The D. melanogaster R5.43 assembly (170 Mb) is distributed across 15 sequence entries: the left and right arms of chromosomes 2 and 3, chromosome X, the corresponding heterochromatin content of these chromosomes, chromosome Y only as heterochromatin, the mini chromosome 4, the mitochondrial genome, and 40 Mb in two additional pseudo-chromosomes (U and Uextra). Currently, 412 repeat consensuses in RepBase Update (release 20120418) can be extracted with the term ‘drosophila melanogaster’, of which 249 are non-low-complexity repeats including 26 that are D. melanogaster-specific repeats (i.e. non-ancestral). We also downloaded the D. melanogaster repeat library created in the 12 Drosophila genomes project using ReAS (ftp://ftp.genomics.org.cn/pub/ReAS/drosophila/v2/consensus_fasta/dmel.con.fa.gz) (391 consensuses).

Sequencing data

Sixty-eight million 101 bp reads (‘simulated’; 27 average quality, 40× genome coverage, insert sizes 400 bp and 2500 bp) were simulated with MAQ (version 0.7.1, http://maq.sourceforge.net) without mutations or indels using an Illumina training dataset on the D. melanogaster genome release R5.43 (including the U and Uextra chromosomes). Additionally, two sets of experimentally obtained Illumina reads (‘real’; ycnbwsp_2: SRX040484; ycnbwsp_7-HE: SRX040486; 83 million reads, 82 nt avg. length, 30 average quality, 40× genome coverage) were downloaded from the Short Read Archive (http://www.ncbi.nlm.nih.gov/sra). They are derived from an individual of the stock (http://flybase.org/reports/FBst0002057.html) that was used in the release 5 of the D. melanogaster genome assembly (36). Both simulated and real datasets were error-corrected with QUAKE (34) (version 0.3.4, using default settings and k = 17). Human Illumina reads derived from a lymphoblastoid cell line (Coriell Institute, GM12878) (101 bp length, 132 Gb total, ∼40× coverage) were downloaded from SRA (SRR067780, SRR067784, SRR067785, SRR067787, SRR067789, SRR067791, SRR067792 and SRR067793) and used directly without error correction.

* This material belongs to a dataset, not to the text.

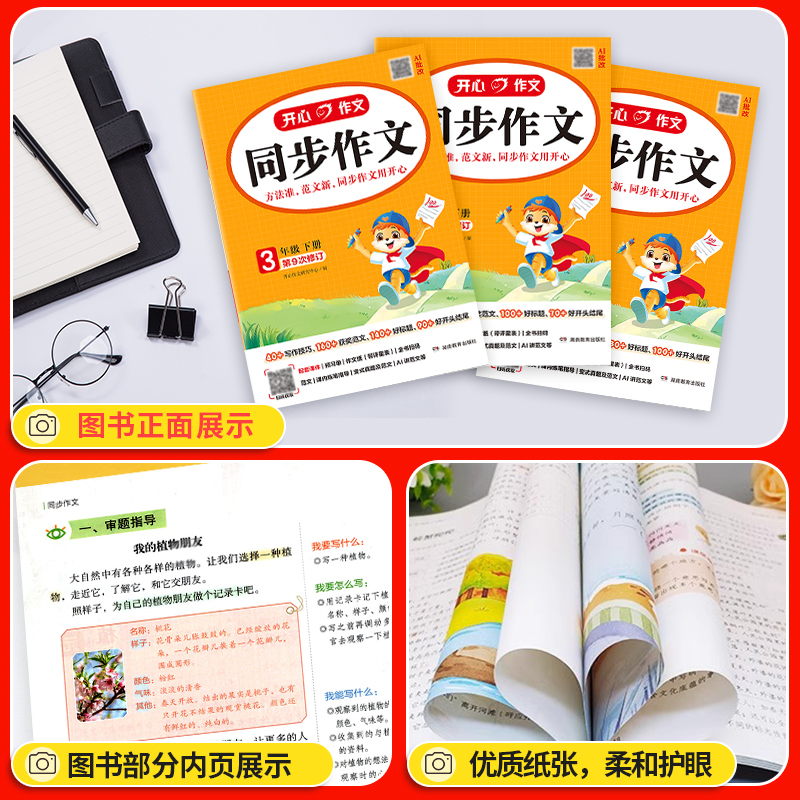 2026春开心同步作文三年级下册一二四五六年级上册下册人教版语文同步阅读理解专项训练书五感法写作文素材小学生优秀作文书大全下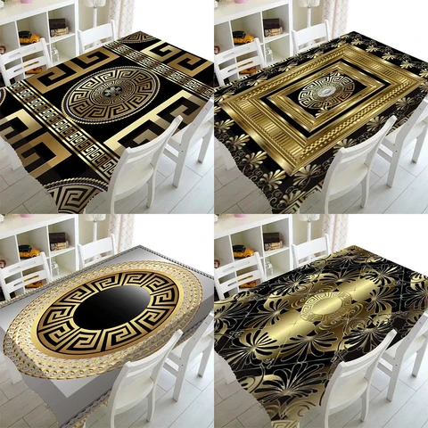 Geometric Luxury Black Gold Greece Rectangle Printed Rectangular Tablecloth For Table And Decoration Home Waterproof Tableclots

Building the RepARK repeat libraries

For NGS de novo repeat library creation, k-mers of NGS whole-genome shotgun (WGS) datasets were first counted with Jellyfish (37) (version 1.1.6) using the highest supported k-mer size of 31 (−m 31, −both-strands). The threshold for ‘abundant’ k-mers (those occurring more than once genome wide) was predicted for each dataset. A histogram of k-mer frequencies is calculated and a linear function is fit to the slope of the descending segment of the Poisson-like unique k-mer fraction. k-mers which occur with a frequency above which the projected linear function crosses the x-axis are expected to occur more than once genome wide. To further ensure that no contamination of the abundant k-mer set by unique sequences occurred, this value was doubled, and k-mers with a frequency above this threshold were classified as abundant (simulated: k-mer coverage >60, real: >84, human: >76; Supplementary Figure S1). Abundant k-mers were isolated and independently de novo assembled using CLC Assembly Cell (CLC) (version 4.0) or Velvet (version 1.2.08) with default settings and k-mer size of 29, resulting in four RepARK de novo repeat libraries. Additionally, repeat libraries for both real and simulated datasets were de novo generated using two established methods. First, we applied RepeatScout to predict repetitive consensuses based on a de novo genome assembly generated by Velvet. Second, we used wgs-assembler to assemble the same datasets and thereby generate surrogates representing those contigs determined to be repetitive. The respective genome assembly statistics can be found in Supplementary Table S1. The repeat consensuses were annotated with TEclass (38) (version 2.1) using the default training set that contains oligomer frequencies of all RepBase (release 15.07) repeats. For the purposes of subsequent analyses, a sequence was considered a repeat if it aligned more than once to the genome with at least 80% identity.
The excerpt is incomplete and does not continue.